Didangelos, TP, Thanopoulou, AK, Bousboulas, SH, Sambanis, CL, Athyros, VG, Spanou, EA, Dimitriou, KC, Pappas, SI, Karamanos, BG, Karamitsos, DT
Current medical research and opinion. 2004;(9):1393-401
Abstract
BACKGROUND Metabolic syndrome (MetSyn) is associated with a marked increase in the risk of cardiovascular disease, especially in patients with type 2 diabetes mellitus (DM). AIM: To investigate the effect of orlistat plus hypocaloric diet (HCD) vs HCD alone on the cardiovascular risk profile in patients with both MetSyn (National Cholesterol Educational Program--NCEP--Adult Treatment Panel III definition) and type 2 DM. METHODS This was a prospective, multicentre, open-label, randomized, controlled study.

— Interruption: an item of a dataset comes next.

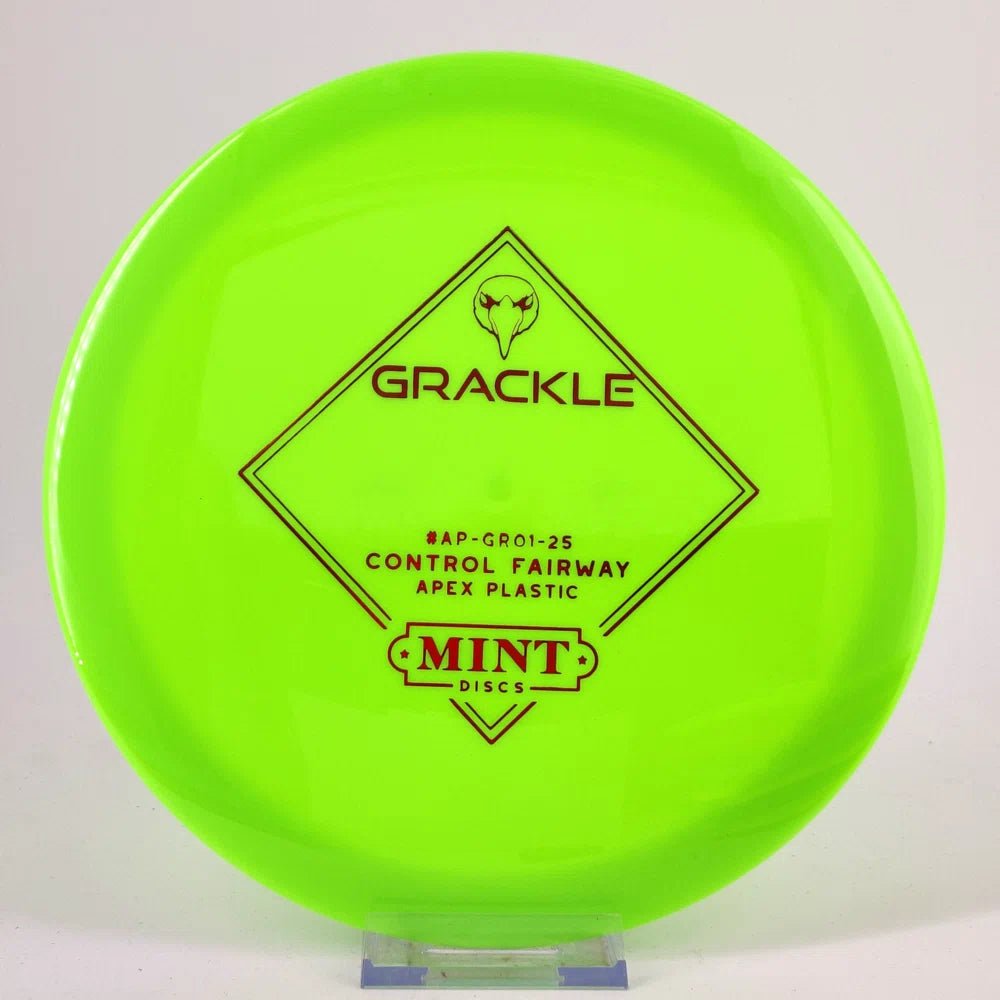 The Grackle is a slightly stable fairway driver. It will compliment the current Alpha as a slightly less stable version that will season well and turn into a great hyzer flip option. This disc responds well to backhand and forehand throws. We find it flies a bit straighter on a flat forehand than it does a backhand.

One hundred and twenty-six patients, free of cardiovascular disease at baseline, were included in the final analysis. Ninety-four (73%) patients were treated with orlistat (360 mg/day) and HCD for a 6-month period, while 34 (27%) were on HCD alone. Analysis of covariance was used to assess differences between the treatment groups over time. MAIN OUTCOME MEASURES Components of the MetSyn criteria assessed were: waist circumference; systolic and diastolic blood pressure; fasting glucose, triglycerides; high-density lipoprotein cholesterol (HDL-C) plus body mass index; glycosylated haemoglobin (HbA1C); homeostasis model for assessment of insulin resistance (HOMA) index; and total and low-density lipoprotein cholesterol (LDL-C). RESULTS By protocol, all patients had MetSyn at baseline. After a 6 month treatment period there were significant differences between the orlistat plus HCD vs the HCD-alone groups in body weight (p = 0.0001), waist circumference (p < 0.0001), fasting glucose (p < 0.0001), HbA(1C) (p < 0.0001), systolic blood pressure (p = 0.024), total cholesterol (p < 0.0001), LDL-C (p = 0.034), and HOMA index (p = 0.022), while there were no significant differences in triglycerides and HDL-C. Orlistat was well tolerated. By the end of the study, 65% of the patients on orlistat plus HCD were still meeting the MetSyn criteria and 41% had four to five MetSyn components vs 91% (p < 0.0001) and 53% (p = 0.017), respectively, of those on HCD alone. CONCLUSIONS Orlistat plus HCD favourably modified several cardiovascular risk factors in patients with both MetSyn and type 2 DM. These effects might partly offset the excess cardiovascular risk and improve outcome in this patient population.